Exercise details:
Every line from the opening of the records to the line with "Canola plant showing" should be restated exactly, with both ends included and the pictures left out.

===== Record excerpts

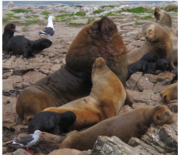
Fig. 1. Southern sea lions show extreme sexual size dimorphism, as illustrated here: an adult male southern sea lion (centre) surrounded by adult female southern sea lions (and pups)

Here, we assess sexual segregation in southern sea lions (SSL) Otaria flavescens breeding at the Falkland Islands (South Atlantic) during early lactation. SSL exhibit sexual dimorphism in body mass, body shape and pelage (Fig. 1). Specifically, adult male SSL weigh twice as much as adult female SSL (>300 kg versus <160 kg, respectively), have comparatively large, broad heads, characteristic blunt, upturned muzzles, and thick manes comprised of long guard hairs extending from their heads to shoulders (Ralls & Mesnick 2008). Life histories also differ. Adult male
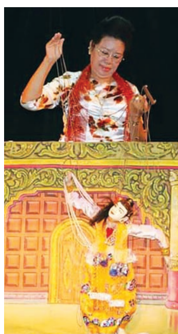
A Myanmar puppeteer stages a puppet show at Mandalay Marionette Theatre.

Sagaing Region. The torrential rains cost an estimate of K 414.22 million in damage.—MNA
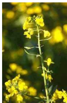
Canola plant showing various stages of pod loss and flower abortion.

Canola flowers for a 30-40 day period, allowing pod set to continue after a frost. Open flowers are most susceptible to frost damage, Pods and unopened buds usually escape. If seed moisture content is below 40 per cent when frost occurs oil quality will not be affected.
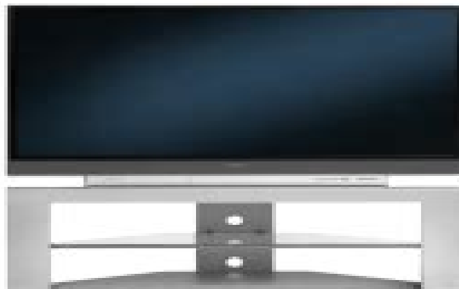
Monitor with optional floor stand
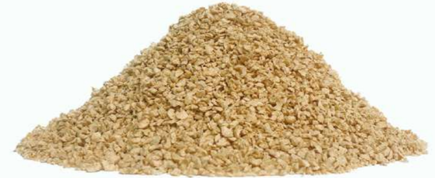
fir cat litter
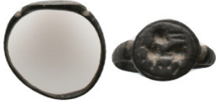
1028 Collectable Items - Ring 2.50 GR 19.53 MM
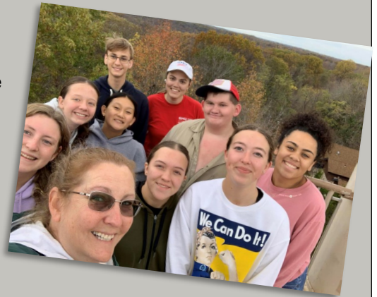
High School Fall Retreat

More retreat photos can be found at facebook.com/troymethodiststudents
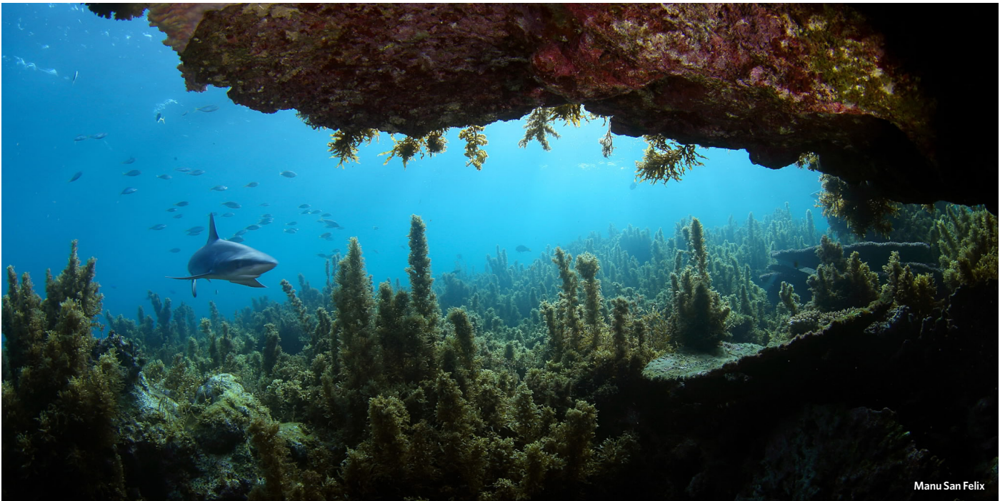
Manu San Felix

The underwater marine ecosystem off Rapa, one of the Austral Islands.
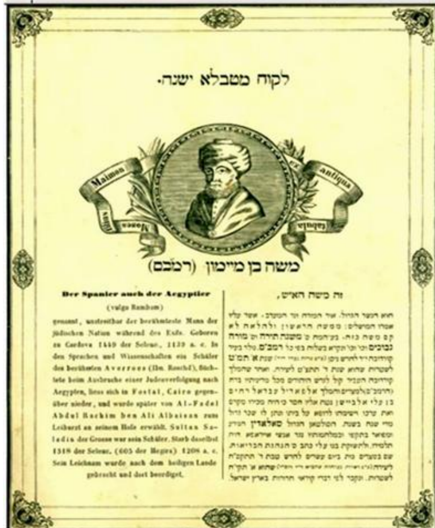
Figure 7. An “authenticity statement” from 1844. Such statements typically accompanied the Maimonides portrait. Note the title in Hebrew that boldly reads “ex-antiqua tabula” and the abbreviated Maimonides biography in both Hebrew and German.

[The following rules apply regarding] a signet ring which bears a human image: If the image is protruding, it is forbidden to wear it, but it is permitted to use it as a seal. If the image is an impression, it is permitted to wear it, but it is forbidden to use it as a seal, because it will create an image which protrudes.
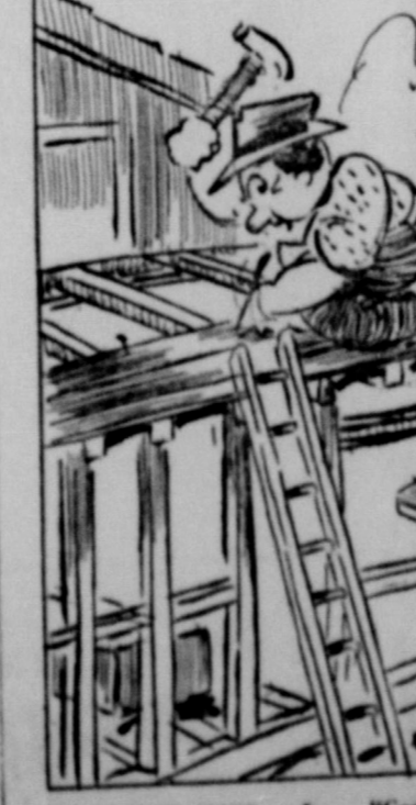
NOVEMBER, 1955. Joe: "Good thing you kept those Victory Bonds." Sam: "Right-O. This den and bathroom are what we've needed since Grace and I set up house-keeping. Lot of other wise bond-holders are modernizing their places, you see."
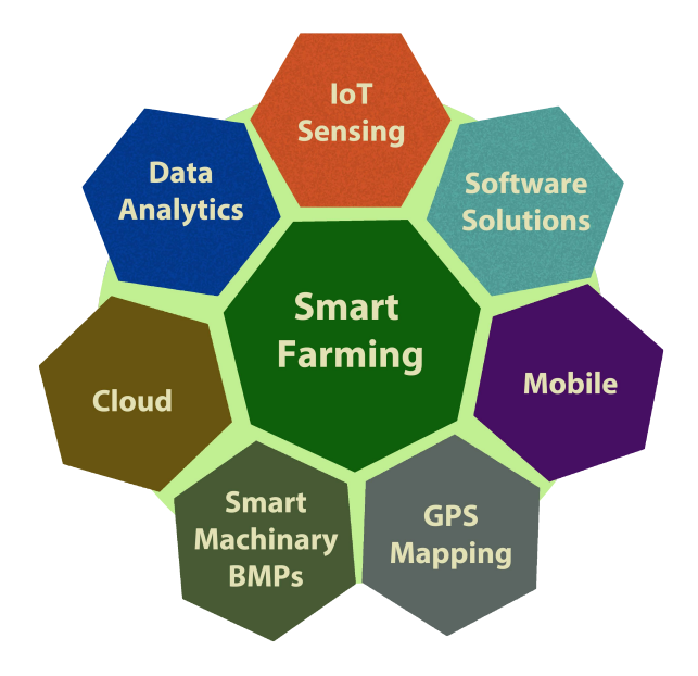
Figure 1 Elements of smart farming

Digital technologies are changing or even disrupting businesses everywhere by revolutionizing the role ICT plays in our everyday lives. Gartner (2012) and the IEEE Computer Society (2015) have presented their predictions for the top technology trends for 2016. Innovations in smart devices are driving radical changes in business practices. Additionally, the "Nexus of Forces" - the convergence and mutual reinforcement of mobility, social media, cloud, and information (big data) (Gartner, 2012) - drives new business scenarios and continues to evolve as it combines with the IoT. "Cloud first, mobile first" have become widely accepted IT strategies for businesses. While mobile apps have provided unprecedented solutions at users' fingertips, the cloud offers a promising infrastructure for integration of data, services, and applications. It becomes an enabler for unified solutions to aggregate various pieces of new and existing solutions in a cloud environment.
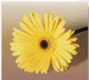
You can create a 24-bit image in a graphics program such as Paint.

number rather than by each color value number. The palette numbers are used to limit the amount of bits needed to describe each pixel. Although bit-mapped files can still be quite large, saving the values for each pixel takes only a couple of seconds. Here is how it works:
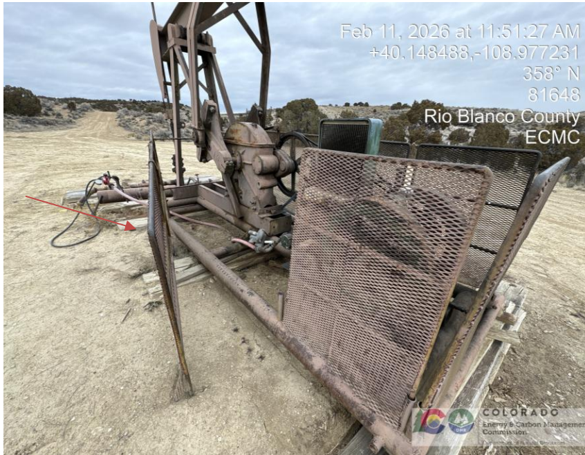
Photo # 2017 Pump Jack fencing is in disrepair/safety hazard/wildlife hazard available for entry by wildlife
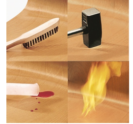
Indestructible PAGHOLZ® shell, scratch, break and impact resistant; flame retardant
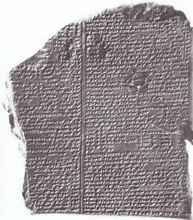
A fragment of a tablet showing the story of the flood, inscribed in Assyrian cuneiform characters.

-'Then was the launching full of difficulty; there was shifting of ballast above and below till two thirds was submerged. I loaded into her all that I had of gold and of living things, my family, my kin, the beast of the field both wild and tame, and all the craftsmen. I sent them on board, for the time that Shamash had ordained was already fulfilled when he said, "in the evening, when the rider of the storm sends down the destroying rain, enter the boat and batten her down." The time was fulfilled, the evening came, the rider of the storm sent down the rain. I looked out at the weather and it was terrible, so I too boarded the boat and battened her down. All was now complete, the battening and the caulking; so I handed the tiller to Puzur-Amurri the steersman, with the navigation and the care of the whole boat.
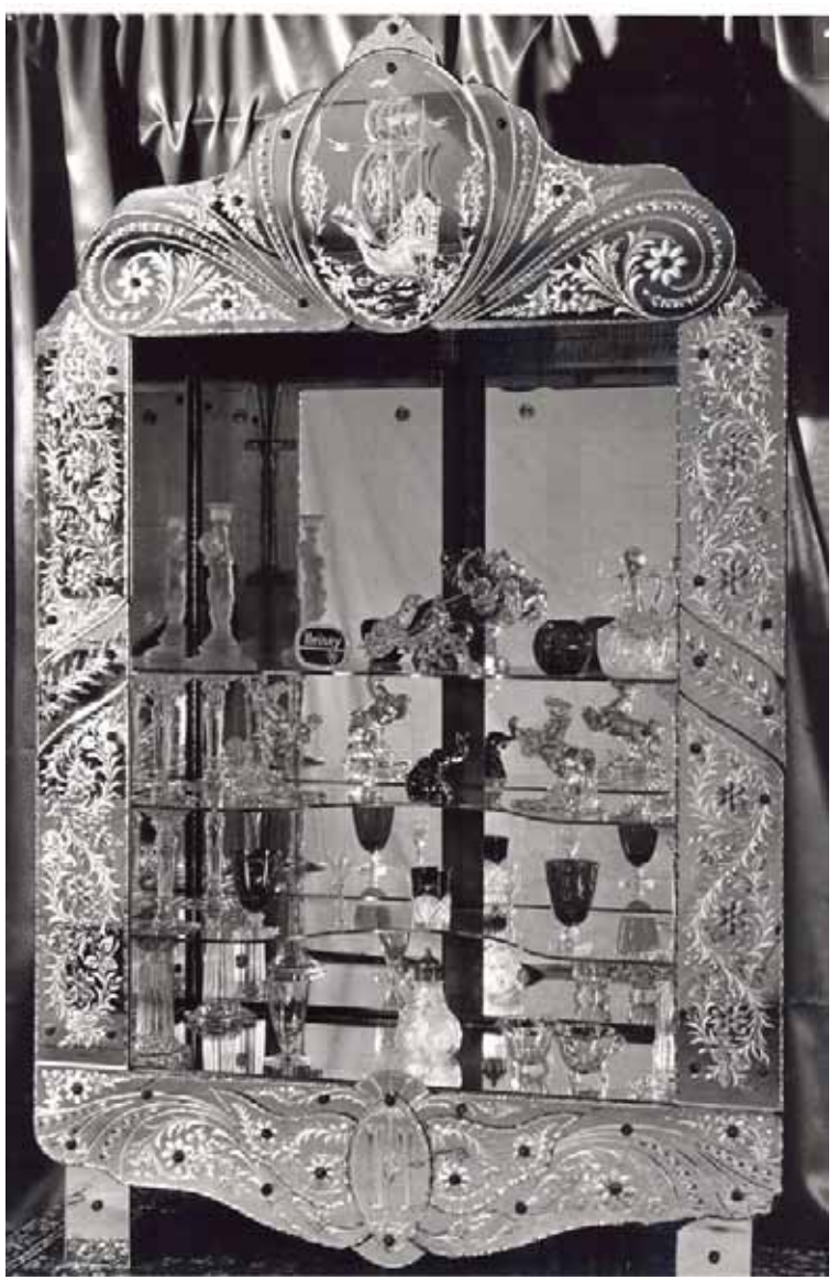
The Krall Cabinet Returns to Newark – See Stories on pages 3 and 5

Volume XL No. 9 September 2011 ISSN 0731-8014
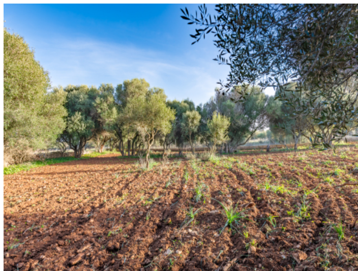
Close to Porto Cristo
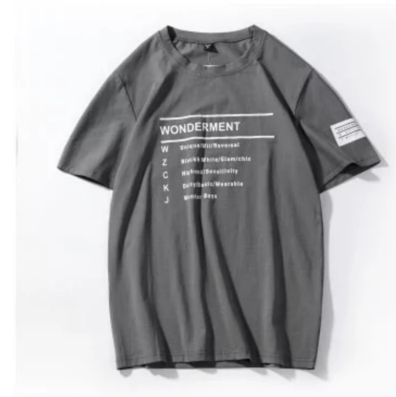
Enjoy professional results that last Even after repeated washes, your designs—no matter how complex or intricate—will really stick.
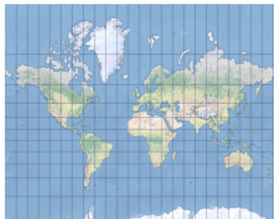
Useful (but deceptive) Mercator Projection

Not knowing how many countries exist today, folks have yet to agree on how many continents exist!
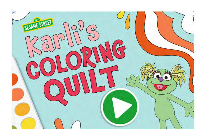
"Karli's Coloring Quilt" Interactive
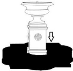
FT-29C/30D (579 lbs) 45"L x 45"W x 11"H

Assemble your fountain on a level surface capable of holding a minimum of 1135 pounds with an approximate 14 square foot footprint.

==========

Answer area:
Fig. 1. Southern sea lions show extreme sexual size dimorphism, as illustrated here: an adult male southern sea lion (centre) surrounded by adult female southern sea lions (and pups)

Here, we assess sexual segregation in southern sea lions (SSL) Otaria flavescens breeding at the Falkland Islands (South Atlantic) during early lactation. SSL exhibit sexual dimorphism in body mass, body shape and pelage (Fig. 1). Specifically, adult male SSL weigh twice as much as adult female SSL (>300 kg versus <160 kg, respectively), have comparatively large, broad heads, characteristic blunt, upturned muzzles, and thick manes comprised of long guard hairs extending from their heads to shoulders (Ralls & Mesnick 2008). Life histories also differ. Adult male
A Myanmar puppeteer stages a puppet show at Mandalay Marionette Theatre.

Sagaing Region. The torrential rains cost an estimate of K 414.22 million in damage.—MNA
Canola plant showing various stages of pod loss and flower abortion.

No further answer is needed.